My driver picks up the unit next week so the family is very excited!









I highly recommend Funtime and David, they are worth the trip if you have to travel.

I'll update on the delivery process when it arrives.


----------



## ee4308 (Aug 23, 2005)

Deeta,

Congratulations on your deal. sunny Glad to hear you saved some $$$ and are satsified with your dealer/salesperson. Good luck and let you know when it comes in.


----------



## old_tidefan (Nov 23, 2005)

Hope you enjoy yours (and this site) as much as we are!

Happy Camping


----------



## HootBob (Apr 26, 2004)

Glad to hear that you got a good deal









Don


----------



## huntr70 (Jul 8, 2005)

It sounds like you got yourself a good deal!!!

Congrats!!

Steve


----------



## tdvffjohn (Mar 10, 2005)

Sometimes bad luck turns into Good.

Enjoy the new trailer and if you need help with ideas for mods see my gallery









John


----------



## Oregon_Camper (Sep 13, 2004)

Deeta said:


> Purchase update!
> 
> Dealership in So CA had scratched the floor of the unit we were getting and told us the replacement would be in this week. We decided to wait rather than have them fix it. As of yesterday, no unit, no calls, no reply from salesman.
> 
> ...


Sounds like a great deal. Only issue I would have is what if something is wrong with the unit that is shipped? Who do you go to for repair? Your local guy isn't going to be too helpful knowing you left him high and dry.


----------



## Deeta (Dec 31, 2005)

Yes, I've thought a lot about the repair issue but have come to the conclusion that any minor issues (stuck drawer, loose screws etc.) I always do myself anyway and probably do better job. The closest OB dealers are 1-2 hours away anyway. Appliances are warranted by the appliance mfg (like tires are) so my local Campingworld or other dealer can warranty those. Keystone only repairs, if any would then have to go to a dealer but my line would probably be "Hi, we just moved here..."

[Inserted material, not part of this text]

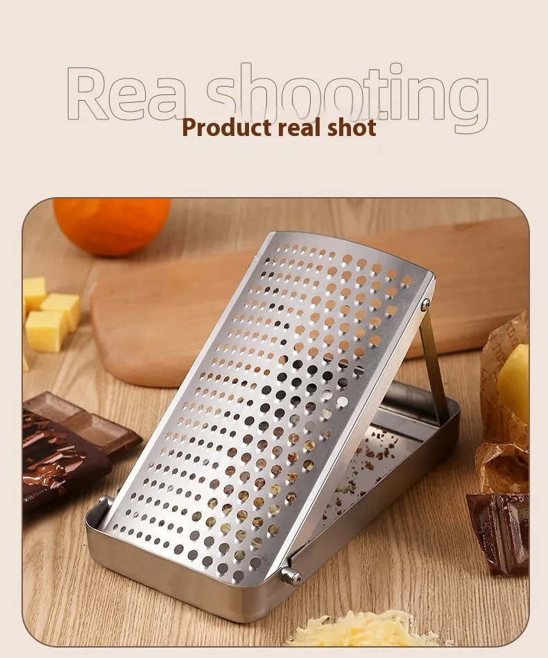 Cheese Grater is designed to grate cheese quickly and evenly, helping improve both texture and presentation in meals. It can also be used for vegetables, chocolate, and other ingredients, making it a versatile kitchen tool.

Besides I saved enough to put up with any hassles and I'm VERY tenacious if Keystone gave me any flak!


----------



## wolfwood (Sep 19, 2005)

Congrats! Tenacity certainly does pay off. One would think that those guys who say they're in business to sell - but don't return calls, etc. - would, someday, learn just a little something about Customer Service. It ain't over 'till that lady sings.. GOOD FOR YOU!


----------



## Deeta (Dec 31, 2005)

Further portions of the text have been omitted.